I appreciate that, I had tried to make those kinds of important decisions come from my gut. It sounds cliche, but it’s really true. The times that I haven’t done that, when I’ve done things that I’ve felt were what I should do or what would go over better, I’ve always regretted those decisions. When I’ve leaned back and allowed my gut to take me, it’s always been a better feeling and it’s always worked out better in the long run.

It’s interesting that you bring up the heritage and the Appalachian thing, because a few people have said this to me anecdotally or from fans, they’ll come up to me and say, “I can tell you’re such a proud person from Appalachia from this record.” I can tell you that that is the absolute last thing that I was going for. I feel that I am that [proud] person, it’s not disingenuous, but that wasn’t in my thoughts at all. All I was trying to do was to capture a bit of my story.

With “Allegheny Town” I just went to the feelings I get when I go back home, because I get all these really weird feelings when I go back home. I was trying to capture all of that in all of this — in “Royal Traveller,” in “So Good.” I leaned on a lot of visual images [of home] while I was writing this stuff. It’s fascinating to me that people are getting this from this! I’m thrilled, because when you’re not actively trying to get something across, but it is part of what you feel and part of who you are, it feels good when it’s worked.

You’ve played our Shout & Shine showcase at IBMA twice now. It’s not the first or only movement there’s ever been for inclusion in bluegrass, which is important for the record to reflect, but there is this new movement for diversity and inclusion in bluegrass and I wonder what you think, watching this unfold and being a part of it, after being in this community for your entire life and your entire career?

It fills my heart with joy. It’s like the fulfillment of something. Something that had been so missing is now being filled. It’s not completely full, you know–

But the spigot is on.

The spigot is on and I’m just thankful that I’m still alive and that it happened within my lifetime. I’ll hopefully be around for a lot longer, but to know that it’s happening feels like — you know, I’ve often talked about bluegrass is my family. It’s more than just music, it’s literally the family and community that I have chosen to be in. I don’t know where I leave off and where bluegrass begins, I really don’t. Despite all of my explorations into other kinds of music and my fascination with other kinds of music, I say I am bluegrass. I am of bluegrass.

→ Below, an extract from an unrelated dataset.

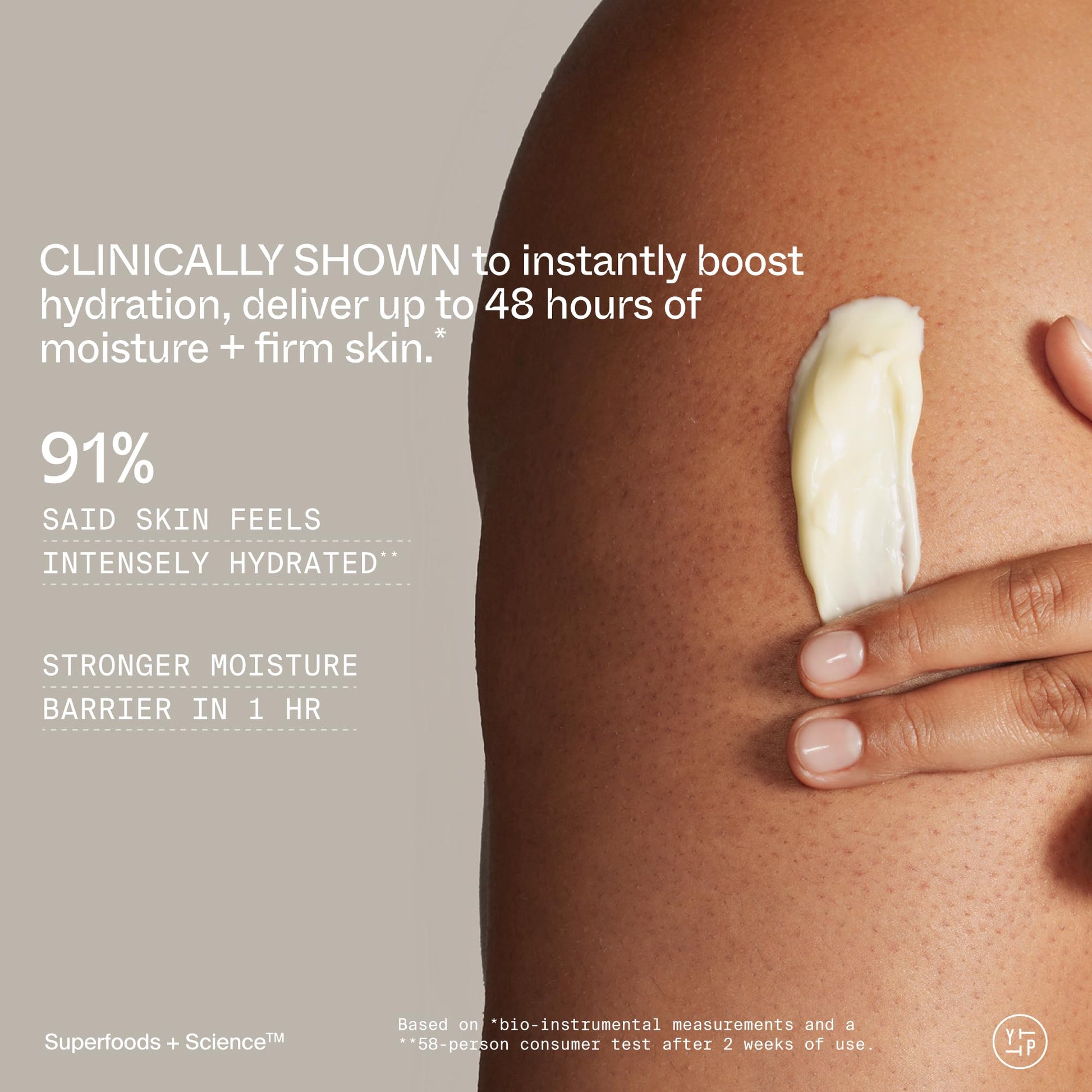 - BRIGHTENING + FIRMING BODY BUTTER - This luxurious hydrating body butter is formulated with skin-loving ingredients that visibly brighten and firm while supporting a strong moisture barrier. Clinically shown to instantly boost hydration, deliver up to 48 hours of moisture and firm skin.

It’s not where I end, but it does define the core of me. Without the community it’s nothing. It’s like being at a family reunion that lasts all year long. You’re at the family reunion and you’re sitting there, and you’ve just eaten a bunch of things, and you’re sitting with all your favorite people, but then you look over here and you see that two facets of the family that haven’t been speaking are now talking to each other. And you’re just filled with joy cause the family’s coming together more, becoming stronger.

All of a sudden it’s like a Fellini movie, people are hanging off of chandeliers and riding Ferris wheels that weren’t there a second ago, and we’re all just playing together. Because another link just got connected. That’s how I feel. We’re all in this family reunion where in the past, people wouldn’t have been connecting, and now that’s all starting to change. It makes me very, very happy. It’s an inexplicable feeling because it’s so important to me. I’m just happy to be a part of it.